For you indeed, he means, could not say this, that He promised ease and gave tribulation. For in our case, the things which He promised, these also He performs. How so?
In the world (He says),
you shall have tribulation. John 16:33
He that takes not his cross and follows Me, is not worthy of Me. Matthew 10:38
He that hates not his life shall not find it. John 12:25 And,
He that forsakes not all that he has, and follows after Me, is not worthy of Me. Luke 14:27-33 And again,
You shall be brought before rulers and kings for My sake. Matthew 10:18 And again,
A man's foes shall be they of his own household. Matthew 10:36 But the things which pertain to rest are yonder.
But with regard to Abraham, it was different. He was enjoined to do what was opposed to the promises; and yet not even so was he troubled, nor did he stagger, nor think he had been deceived. But you endure nothing except what was promised, yet you are troubled.
2. He heard the opposite of the promises from Him who had made them; and yet he was not disturbed, but did them as if they had been in harmony [therewith]. For they were in harmony; being opposed indeed according to human calculations, but in harmony [when viewed] by Faith. And how this was, the Apostle himself has taught us, by saying,
accounting that God was able to raise Him up, even from the dead. By the same faith (he means) by which he believed that God gave what was not, and raised up the dead, by the same was he persuaded that He would also raise him up after he had been slain in sacrifice. For it was alike impossible (to human calculation, I mean) from a womb which was dead and grown old and already become useless for child-bearing to give a child, and to raise again one who had been slain. But his previous faith prepared the way for things to come.
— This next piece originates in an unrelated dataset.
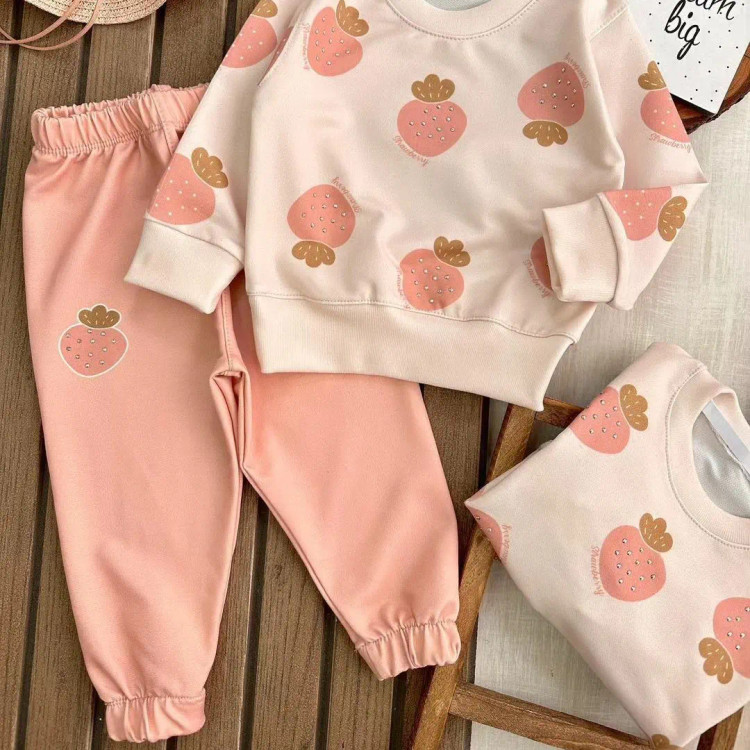 بلوز شلوار توت فرنگی نگین دار😍

And see; the good things came first, and the hard things afterwards, in his old age. But for you, on the contrary, (he says) the sad things are first, and the good things last. This for those who dare to say, 'He has promised us the good things after death; perhaps He has deceived us.' He shows that
God is able to raise up even from the dead, and if God be able to raise from the dead, without all doubt He will pay all [that He has promised].
But if Abraham so many years before, believed
that God is able to raise from the dead, much more ought we to believe it. You see (what I at first said) that death had not yet entered in and yet He drew them at once to the hope of the resurrection, and led them to such full assurance, that when bidden, they even slay their own sons, and readily offer up those from whom they expected to people the world.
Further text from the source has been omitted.